Interestingly, doubling or tripling first-line antidepressant dose in OCD, compared to usual doses used in depression, provides modest, but measurable, additional symptom relief(34). The additional elevation in extracellular serotonin (serotonin activity) from such high doses would be modest, as usual doses block almost all brain serotonin transporters(12). Further, pilot reports find adjunctive 5-HTP (serotonin precursor) or tryptophan (precursor to 5-HTP) to augment first-line antidepressant efficacy in OCD(35-37). Thus, augmenting brain serotonin elevation beyond the effect achievable with first-line antidepressants could treat more OCD patients better.

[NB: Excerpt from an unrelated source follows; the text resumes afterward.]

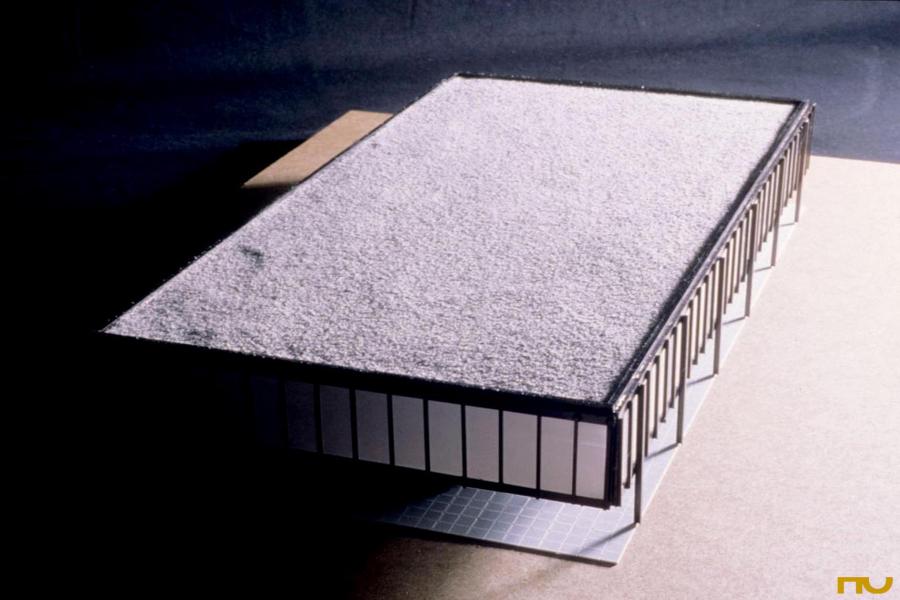 capsa, edifici d'oficines, pilar, plataforma, pòrtics exteriors, simetria,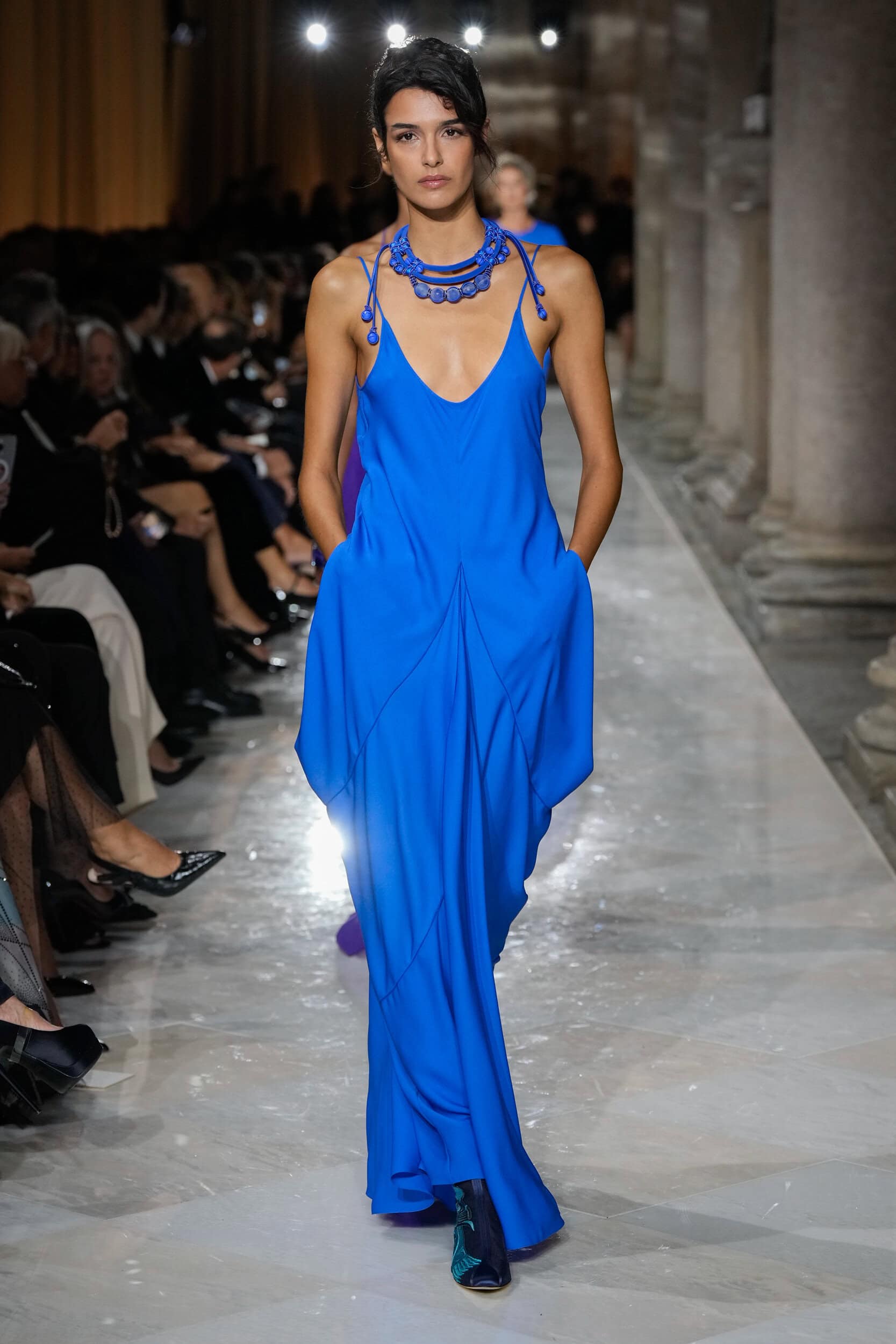 系列选址于布雷拉画廊发布,这片始终承载着其生活与创作的热土,同时又将视野延伸至潘泰莱里亚岛—那片火山岩与深色田野交错、被无垠蔚蓝环抱的秘境。每一处设计都仿佛被赋予了流动的韵律与轻盈的质感,宛若随时准备与岛上的微风共舞;每一处细节都在诠释着 Armani 先生的设计美学,描绘服装与人和谐共生。无论服装剪裁利落,还是精致柔美,面料流淌着优雅,廓形延伸着诗意。光、大地与海洋的故事通过色彩的变化娓娓道来,从自然中性色调到深邃夜幕蓝调,再到流光溢彩的稀有色调,激发强烈的感染力。

EVX-101 could be the first approved oral next-line OCD therapy

Adjunctive EVX-101 could treat OCD patients responding inadequately to first-line antidepressants, by potently and dynamically amplify brain extracellular serotonin beyond the first next-line antidepressant effect. EVX-101 could become the first FDA-approved next-line OCD drug therapy, addressing one of the largest and most intractable unmet needs in Psychiatry today.

Suicidal Ideation

In 2022, almost 50,000 died by suicide in the US, an all-time high, and more than 1.7 million people attempted suicide(38). Among young people, suicide is the second leading cause of death. Veterans have a 70% increased risk of suicide compared to non-veterans(39). Suicide has risen to epidemic levels and is a national emergency in the US. More than 12.5 million seriously considers suicide in the US every year. Every year 1 million are hospitalized for acute suicidal ideation crisis(38).

 

Living under the cloud of suicidal ideation—even if never realized as a suicide attempt or completed suicide—is a life of torment and misery, and represents a critical unmet need in its own right(40).

 

Unfortunately, there are no FDA-approved drugs for suicidal ideation, suicidal ideation crisis, or to prevent future suicides – albeit IV ketamine may have efficacy(41). As for all Psychiatric drug discovery, the quest for drugs for suicidal ideation are hampered by the lack of animal models. We rely on clinical evidence to inform suicidal ideation drug discovery.

 

EVX-301 could be the first FDA-approved drug to treat suicidal ideation crisis

Evecxia Therapeutics is developing EVX-301 to treat patients hospitalized for acute suicidal ideation crisis. EVX-301 is designed to amplify brain serotonin with fast onset, which convergent clinical evidence suggest could treat suicidal ideation with fast onset(42-46).